Now, assume the plane equation holds for a vector $\V{v}=[x, y, z, 1]^T$ and a plane $\V{p}=[a, b, c, d]$. Position $\V{v}$ falls within plane $\V{p}$.

\[\V{p}\cdot\V{v}=0\]Let's transform $\V{v}$.

\[\V{v}'=\M{M}\cdot\V{v}\]The equation no longer holds for that same $\V{p}$.

\[\V{p}\cdot\V{v}'=\V{p}\cdot\M{M}\cdot\V{v}\neq 0\]But we can fix it by introducing the transform inverse, which cancels out the transformation of the position.

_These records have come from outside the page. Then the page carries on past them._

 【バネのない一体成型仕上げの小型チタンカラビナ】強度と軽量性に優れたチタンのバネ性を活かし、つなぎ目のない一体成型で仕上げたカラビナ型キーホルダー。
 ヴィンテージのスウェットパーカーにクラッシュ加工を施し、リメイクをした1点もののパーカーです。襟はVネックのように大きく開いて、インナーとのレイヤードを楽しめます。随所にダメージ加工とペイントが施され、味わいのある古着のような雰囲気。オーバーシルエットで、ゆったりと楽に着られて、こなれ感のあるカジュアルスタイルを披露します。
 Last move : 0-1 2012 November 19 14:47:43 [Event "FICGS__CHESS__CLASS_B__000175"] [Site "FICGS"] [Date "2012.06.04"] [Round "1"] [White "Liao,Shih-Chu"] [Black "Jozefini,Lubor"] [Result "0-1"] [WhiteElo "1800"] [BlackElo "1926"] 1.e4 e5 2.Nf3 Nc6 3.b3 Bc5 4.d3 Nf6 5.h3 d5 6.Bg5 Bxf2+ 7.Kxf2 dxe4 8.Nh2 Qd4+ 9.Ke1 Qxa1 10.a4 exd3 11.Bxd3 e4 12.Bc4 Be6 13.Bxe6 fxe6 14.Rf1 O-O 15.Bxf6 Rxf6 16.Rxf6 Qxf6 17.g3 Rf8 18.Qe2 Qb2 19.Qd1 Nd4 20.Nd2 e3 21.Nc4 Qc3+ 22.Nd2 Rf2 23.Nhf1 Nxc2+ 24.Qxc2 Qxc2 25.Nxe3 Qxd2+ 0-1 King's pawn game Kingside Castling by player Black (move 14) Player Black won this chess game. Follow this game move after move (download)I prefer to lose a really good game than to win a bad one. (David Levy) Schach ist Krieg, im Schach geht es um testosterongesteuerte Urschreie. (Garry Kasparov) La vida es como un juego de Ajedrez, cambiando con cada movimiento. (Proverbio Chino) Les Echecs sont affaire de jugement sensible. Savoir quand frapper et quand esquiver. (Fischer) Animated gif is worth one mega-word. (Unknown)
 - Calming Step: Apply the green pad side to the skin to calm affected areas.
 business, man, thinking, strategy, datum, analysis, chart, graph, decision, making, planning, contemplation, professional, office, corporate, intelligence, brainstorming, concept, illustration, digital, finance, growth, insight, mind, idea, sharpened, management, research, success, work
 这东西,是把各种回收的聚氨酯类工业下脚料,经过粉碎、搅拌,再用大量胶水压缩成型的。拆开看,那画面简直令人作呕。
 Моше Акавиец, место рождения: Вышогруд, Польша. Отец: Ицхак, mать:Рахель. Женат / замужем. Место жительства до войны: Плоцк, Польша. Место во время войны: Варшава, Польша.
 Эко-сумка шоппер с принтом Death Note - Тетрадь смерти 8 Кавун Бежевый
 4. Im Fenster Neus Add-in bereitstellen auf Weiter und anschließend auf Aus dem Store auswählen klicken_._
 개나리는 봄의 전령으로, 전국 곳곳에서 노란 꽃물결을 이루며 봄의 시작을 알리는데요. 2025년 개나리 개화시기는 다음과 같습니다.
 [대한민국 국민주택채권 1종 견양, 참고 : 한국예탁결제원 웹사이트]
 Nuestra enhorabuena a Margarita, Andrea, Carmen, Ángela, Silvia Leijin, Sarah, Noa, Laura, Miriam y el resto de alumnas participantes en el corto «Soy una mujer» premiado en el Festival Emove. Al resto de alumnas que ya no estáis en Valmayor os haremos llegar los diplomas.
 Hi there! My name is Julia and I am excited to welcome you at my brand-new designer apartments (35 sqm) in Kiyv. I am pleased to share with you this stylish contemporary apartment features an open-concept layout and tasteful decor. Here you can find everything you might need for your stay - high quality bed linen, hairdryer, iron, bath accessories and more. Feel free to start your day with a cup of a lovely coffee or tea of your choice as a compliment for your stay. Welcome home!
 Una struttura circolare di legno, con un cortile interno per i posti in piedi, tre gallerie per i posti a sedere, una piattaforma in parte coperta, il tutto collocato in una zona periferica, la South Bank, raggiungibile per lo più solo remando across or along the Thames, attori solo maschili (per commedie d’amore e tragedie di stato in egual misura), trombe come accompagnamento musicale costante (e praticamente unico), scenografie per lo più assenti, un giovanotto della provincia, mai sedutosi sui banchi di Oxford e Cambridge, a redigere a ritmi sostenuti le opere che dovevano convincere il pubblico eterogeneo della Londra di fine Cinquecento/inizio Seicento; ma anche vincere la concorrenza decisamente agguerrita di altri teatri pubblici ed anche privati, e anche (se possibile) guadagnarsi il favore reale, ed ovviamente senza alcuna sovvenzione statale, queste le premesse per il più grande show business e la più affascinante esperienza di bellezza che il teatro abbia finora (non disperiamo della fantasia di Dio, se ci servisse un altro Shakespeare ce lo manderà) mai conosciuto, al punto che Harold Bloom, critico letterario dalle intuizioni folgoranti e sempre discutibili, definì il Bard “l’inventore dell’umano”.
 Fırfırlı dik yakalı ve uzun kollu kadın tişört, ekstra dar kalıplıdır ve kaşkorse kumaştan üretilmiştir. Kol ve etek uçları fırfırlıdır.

\[\V{p}\cdot\M{M}^{-1}\cdot\M{M}\cdot\V{v}=0\]From this we can see that if we transform of plane $\V{p}$ like so,

\[\V{p}'=\V{p}\cdot\M{M}^{-1}\]then the plane equation holds for the transformed position and transformed plane.

\[\V{p}'\cdot\V{v}'=0\]This, therefore, is how planes should transform: multiplied on the left of the inverse matrix.

But the incumbent mechanisms of computer graphics don't do transformation of row vectors on the left, they do transformation of column vectors on the right. We accommodate this and change a plane transformation into a position transformation simply by taking the transpose of both sides of the equation.

\[(\V{p}')^T=(\V{p}\cdot\M{M}^{-1})^T\] \[(\V{p}')^T=(\M{M}^{-1})^T\cdot(\V{p})^T\]In this way, a plane can be treated like a position.

A normal vector, being an *orientation*, behaves as a plane rather than a position, with the fourth component $d=0$. As such, it's transformed by the transpose of the inverse.